Extracting variables(columns) from a table with a mathematical condition

Hello I am new to KNIME. I am trying to bootstrap my dataset several times in order to create an Ensemble Classifier. What I need to do for each bootstrapped table is extracting randomly a fixed number of columns with a condition, independently from the content of the columns. In particular, I would like to use a percentage(let’s say 30 % per table) of the number of variables(columns) present overall in this case. Do you know of any configurable node or pipeline I may use for this purpose or do you think it would be better to integrate a python node with a script? Thanks in advance.

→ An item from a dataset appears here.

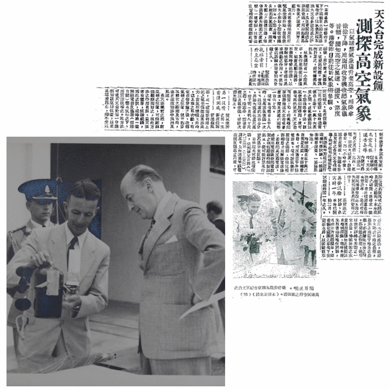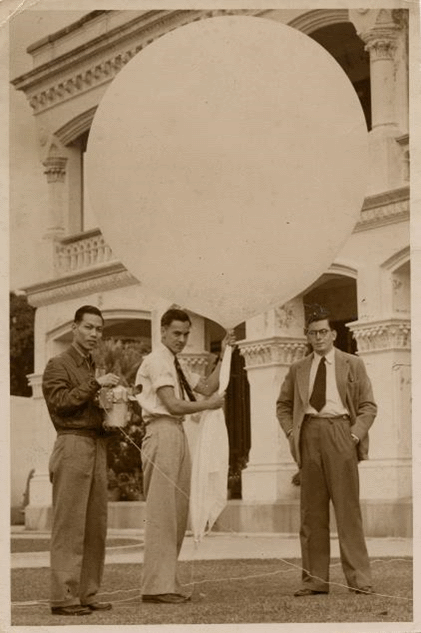 天文台常規高空氣象觀測始於1949年,最初地點並非京士柏,而是在尖沙咀的總部。當時天文台裝置了首套無線電探空系統,每日上午8時(夏令時則為上午9時)進行高空氣象觀測,涵蓋氣溫、濕度、風和氣壓。天文台同事以人手將掛上無線電探空儀的氣球注入氫氣及釋放(圖一),在氣球上升的過程中,無線電探空儀將測量到的高空氣溫、濕度及氣壓數據,用無線電波送回天文台總部地面站。至於測量高空風向風速方面,當時依靠天文台總部屋頂的一部經緯儀來追蹤氣球,從氣球的仰角及方位,以及升空的速度,來計算出不同高度的風向和風速。圖二的照片攝於1950年,當時天文台同事在總部屋頂利用經緯儀追蹤氣球,進行高空氣象觀測的試驗。由於這種方法全憑目視觀測,當遇上有低雲影響視野時,探空工作便無法進行。當時的高空探測氣球一般上升至大概20公里高才爆破,附著的降落傘會張開,無線電探空儀最後徐徐下降到地面或海面。

Hi @matt0 and welcome to the forum.

If I’m understanding you correctly, the Tree Ensemble Learner node does this as part of its configuration, as shown below:

Or am I missing some nuance of your question?

1 Like

Thanks @ScottF. I actually forgot about an important part. What I am trying to do is actually to create an Ensemble classifier composed of neural networks though instead of decision trees. So I am trying to find a way to split the entire dataset into several bootstrapped datasets made up of a subset of the variables present in the original one according to a certain criterion(in this case a precentage even though it may be some other operation). Then NN models will be trained on those datasets and combined through majority voting in the end.

Hi @matt0

This workflow sample columns.knwf (864.8 KB) takes multiple random samples of 30% of the columns from the Boston Housing dataset and calculates the performance of the models.


gr. Hans

4 Likes

Thanks @HansS. This workflow might be a good template to start with. I will try to implement it for the problem of classification and with MLPs.

1 Like

This topic was automatically closed 182 days after the last reply. New replies are no longer allowed.